Recorded data –
________________________
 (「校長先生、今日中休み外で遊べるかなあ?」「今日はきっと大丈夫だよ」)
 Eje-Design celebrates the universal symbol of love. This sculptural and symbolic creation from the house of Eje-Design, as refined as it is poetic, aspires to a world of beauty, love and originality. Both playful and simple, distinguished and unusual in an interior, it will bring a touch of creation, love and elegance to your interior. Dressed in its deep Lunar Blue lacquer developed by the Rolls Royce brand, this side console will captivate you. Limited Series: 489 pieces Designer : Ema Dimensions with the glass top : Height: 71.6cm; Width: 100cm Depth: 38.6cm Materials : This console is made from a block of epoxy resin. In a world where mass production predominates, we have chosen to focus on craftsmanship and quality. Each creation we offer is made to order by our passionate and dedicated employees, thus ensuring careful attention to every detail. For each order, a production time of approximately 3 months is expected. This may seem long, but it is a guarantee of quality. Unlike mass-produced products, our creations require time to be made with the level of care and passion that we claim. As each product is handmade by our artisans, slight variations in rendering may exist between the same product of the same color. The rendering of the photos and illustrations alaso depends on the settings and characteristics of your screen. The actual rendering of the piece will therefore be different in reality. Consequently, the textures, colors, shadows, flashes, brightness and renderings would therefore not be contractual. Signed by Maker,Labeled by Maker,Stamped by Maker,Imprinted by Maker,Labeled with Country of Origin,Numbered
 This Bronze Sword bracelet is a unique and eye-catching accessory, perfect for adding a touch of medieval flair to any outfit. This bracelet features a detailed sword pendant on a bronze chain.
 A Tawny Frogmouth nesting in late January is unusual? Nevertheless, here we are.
________________________
Work to complete – Nothing may be left out or altered: reproduce the complete listing.

Response –
 (「校長先生、今日中休み外で遊べるかなあ?」「今日はきっと大丈夫だよ」)
 Eje-Design celebrates the universal symbol of love. This sculptural and symbolic creation from the house of Eje-Design, as refined as it is poetic, aspires to a world of beauty, love and originality. Both playful and simple, distinguished and unusual in an interior, it will bring a touch of creation, love and elegance to your interior. Dressed in its deep Lunar Blue lacquer developed by the Rolls Royce brand, this side console will captivate you. Limited Series: 489 pieces Designer : Ema Dimensions with the glass top : Height: 71.6cm; Width: 100cm Depth: 38.6cm Materials : This console is made from a block of epoxy resin. In a world where mass production predominates, we have chosen to focus on craftsmanship and quality. Each creation we offer is made to order by our passionate and dedicated employees, thus ensuring careful attention to every detail. For each order, a production time of approximately 3 months is expected. This may seem long, but it is a guarantee of quality. Unlike mass-produced products, our creations require time to be made with the level of care and passion that we claim. As each product is handmade by our artisans, slight variations in rendering may exist between the same product of the same color. The rendering of the photos and illustrations alaso depends on the settings and characteristics of your screen. The actual rendering of the piece will therefore be different in reality. Consequently, the textures, colors, shadows, flashes, brightness and renderings would therefore not be contractual. Signed by Maker,Labeled by Maker,Stamped by Maker,Imprinted by Maker,Labeled with Country of Origin,Numbered
 This Bronze Sword bracelet is a unique and eye-catching accessory, perfect for adding a touch of medieval flair to any outfit. This bracelet features a detailed sword pendant on a bronze chain.
 A Tawny Frogmouth nesting in late January is unusual? Nevertheless, here we are.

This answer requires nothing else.